TASK PROMPT:
Please take the records that follow and repeat exactly the lines starting with the line with "为加强新时代教师队伍建设,进" and going on through the line with "This listing is".

DATA FOR THIS EXERCISE:
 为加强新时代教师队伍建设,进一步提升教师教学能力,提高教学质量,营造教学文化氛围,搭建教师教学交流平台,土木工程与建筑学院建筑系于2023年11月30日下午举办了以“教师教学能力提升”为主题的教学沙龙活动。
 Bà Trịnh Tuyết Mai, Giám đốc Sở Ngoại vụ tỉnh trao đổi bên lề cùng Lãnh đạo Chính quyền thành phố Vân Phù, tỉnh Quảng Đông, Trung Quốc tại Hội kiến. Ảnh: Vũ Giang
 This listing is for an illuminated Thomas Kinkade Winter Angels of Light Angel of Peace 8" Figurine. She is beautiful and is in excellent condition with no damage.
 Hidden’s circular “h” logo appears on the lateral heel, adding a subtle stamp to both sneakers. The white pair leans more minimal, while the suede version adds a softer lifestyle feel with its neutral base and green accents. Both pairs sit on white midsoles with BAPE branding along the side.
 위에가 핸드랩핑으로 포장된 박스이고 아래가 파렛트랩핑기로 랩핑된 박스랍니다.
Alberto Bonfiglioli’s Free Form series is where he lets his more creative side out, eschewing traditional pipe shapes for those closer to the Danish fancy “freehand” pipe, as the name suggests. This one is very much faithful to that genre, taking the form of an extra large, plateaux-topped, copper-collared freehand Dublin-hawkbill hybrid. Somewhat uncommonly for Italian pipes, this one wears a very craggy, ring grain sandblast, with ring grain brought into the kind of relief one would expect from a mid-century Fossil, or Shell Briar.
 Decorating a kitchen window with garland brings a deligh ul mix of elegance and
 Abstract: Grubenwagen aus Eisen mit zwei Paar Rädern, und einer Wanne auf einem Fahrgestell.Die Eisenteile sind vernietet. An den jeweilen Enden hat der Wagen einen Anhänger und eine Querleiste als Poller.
---
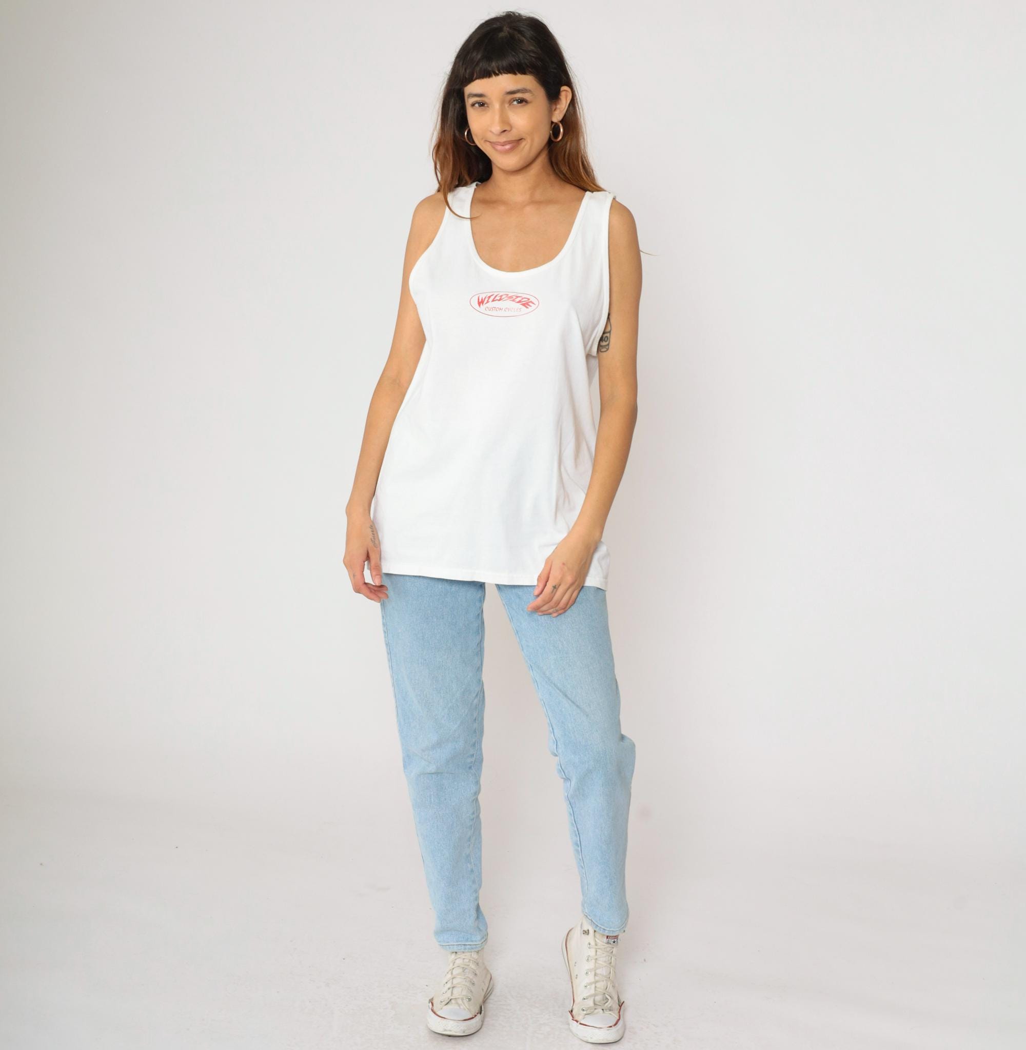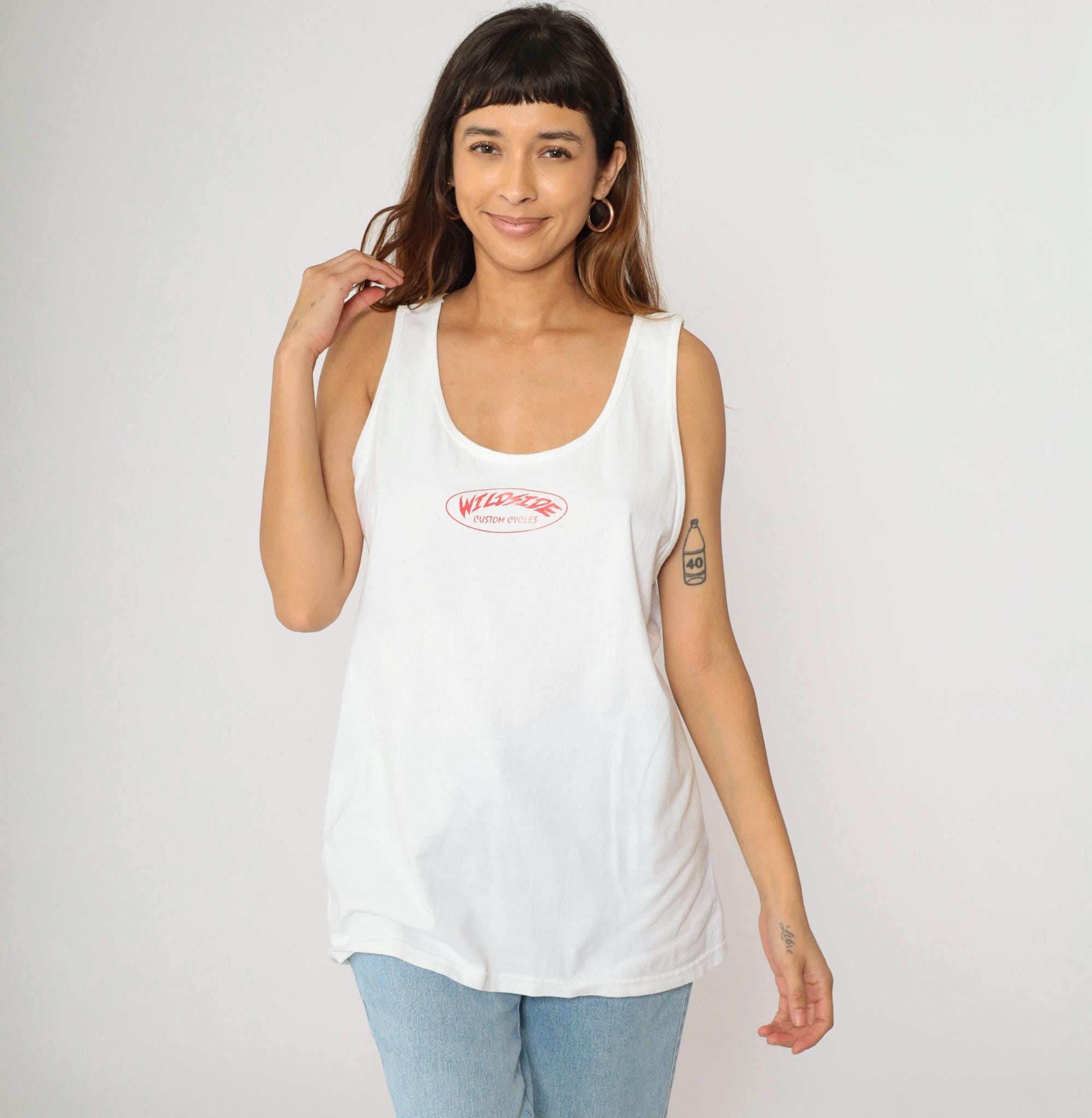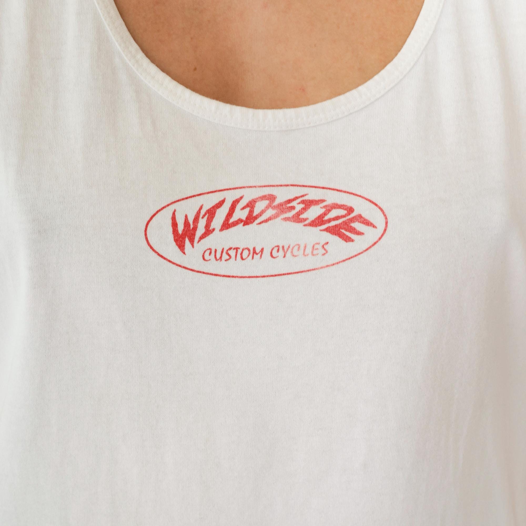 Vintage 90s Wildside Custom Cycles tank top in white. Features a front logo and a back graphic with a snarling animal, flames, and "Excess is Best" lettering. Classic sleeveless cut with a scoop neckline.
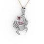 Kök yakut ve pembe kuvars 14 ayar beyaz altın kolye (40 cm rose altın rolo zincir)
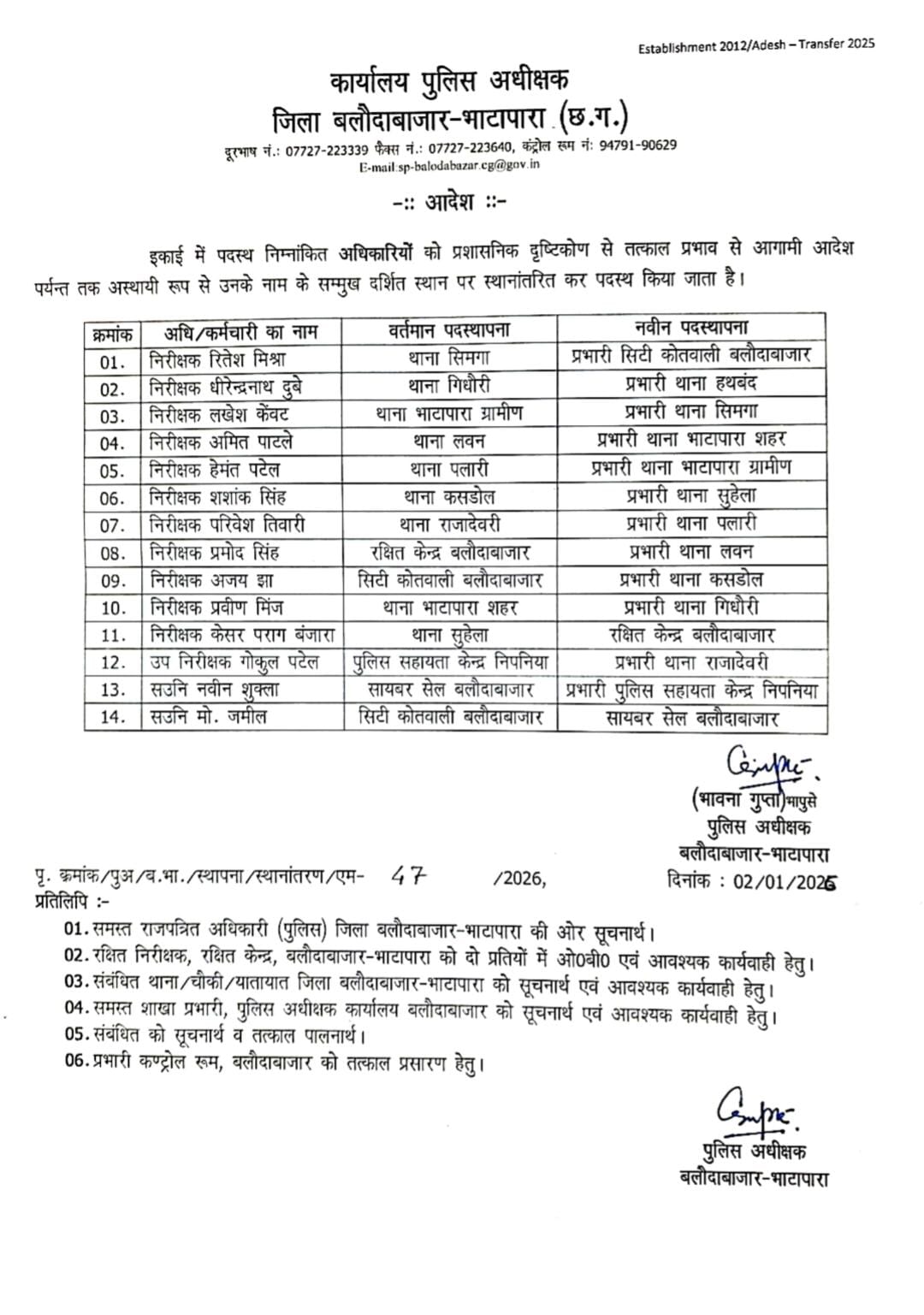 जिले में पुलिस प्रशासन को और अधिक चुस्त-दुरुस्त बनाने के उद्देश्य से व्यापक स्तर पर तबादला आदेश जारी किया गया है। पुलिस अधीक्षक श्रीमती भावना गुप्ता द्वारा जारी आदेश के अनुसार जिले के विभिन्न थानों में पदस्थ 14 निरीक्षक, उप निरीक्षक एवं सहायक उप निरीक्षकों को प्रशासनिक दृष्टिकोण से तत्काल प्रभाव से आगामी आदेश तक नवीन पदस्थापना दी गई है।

EXERCISE RESPONSE:
 为加强新时代教师队伍建设,进一步提升教师教学能力,提高教学质量,营造教学文化氛围,搭建教师教学交流平台,土木工程与建筑学院建筑系于2023年11月30日下午举办了以“教师教学能力提升”为主题的教学沙龙活动。
 Bà Trịnh Tuyết Mai, Giám đốc Sở Ngoại vụ tỉnh trao đổi bên lề cùng Lãnh đạo Chính quyền thành phố Vân Phù, tỉnh Quảng Đông, Trung Quốc tại Hội kiến. Ảnh: Vũ Giang
 This listing is for an illuminated Thomas Kinkade Winter Angels of Light Angel of Peace 8" Figurine. She is beautiful and is in excellent condition with no damage.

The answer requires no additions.